Print

Pancake Recipe No Egg

5 Stars 4 Stars 3 Stars 2 Stars 1 Star

No reviews

Ingredients

Scale
    • 1 ½ cups (190g) all-purpose flour

    • 2 tablespoons sugar

    • 1 ½ teaspoons baking powder

    • ½ teaspoon baking soda

    • ¼ teaspoon salt

    • 1 ¼ cups (310ml) milk (or dairy-free alternative)

    • 1 tablespoon vinegar or lemon juice

    • 2 tablespoons melted butter or oil

    • 1 teaspoon vanilla extract

Instructions

    • In a small bowl, mix the milk with vinegar or lemon juice. Let it sit for 5 minutes to create a buttermilk substitute.

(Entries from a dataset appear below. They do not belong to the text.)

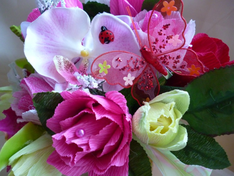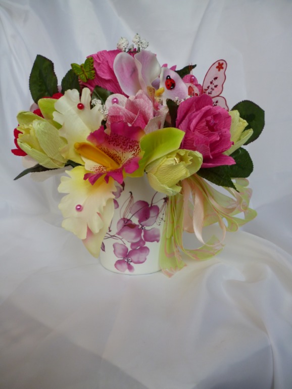 И кашпо с орхидеями и розами(орхидеи,к сожалению, искусственные,сама такую красоту делать не научилась)
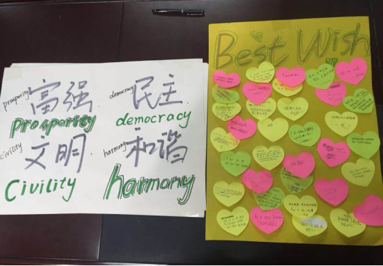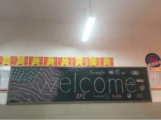 高一年级K403班谭颖龙为美国小伙伴们准备的创意黑板报
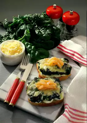 Spread slices of egg and spinach on top. Coarsely grate the cheese and sprinkle over the slices of toast. Bake in the preheated grill until the cheese is completely melted. Cut salmon into strips and spread on the toasts.

    • In a large bowl, whisk together the flour, sugar, baking powder, baking soda, and salt.

    • Add the buttermilk mixture, melted butter (or oil), and vanilla extract to the dry ingredients. Stir gently until just combined don’t overmix! A few lumps are okay.

    • Heat a non-stick pan or griddle over medium heat and lightly grease it.

    • Pour about ¼ cup of batter onto the pan for each pancake. Cook until bubbles form on the surface and the edges look set (about 2 minutes).

    • Flip and cook for another 1-2 minutes, until golden brown.

    • Repeat with the remaining batter, greasing the pan as needed.

    • Serve warm with maple syrup, fresh fruit, or your favorite toppings!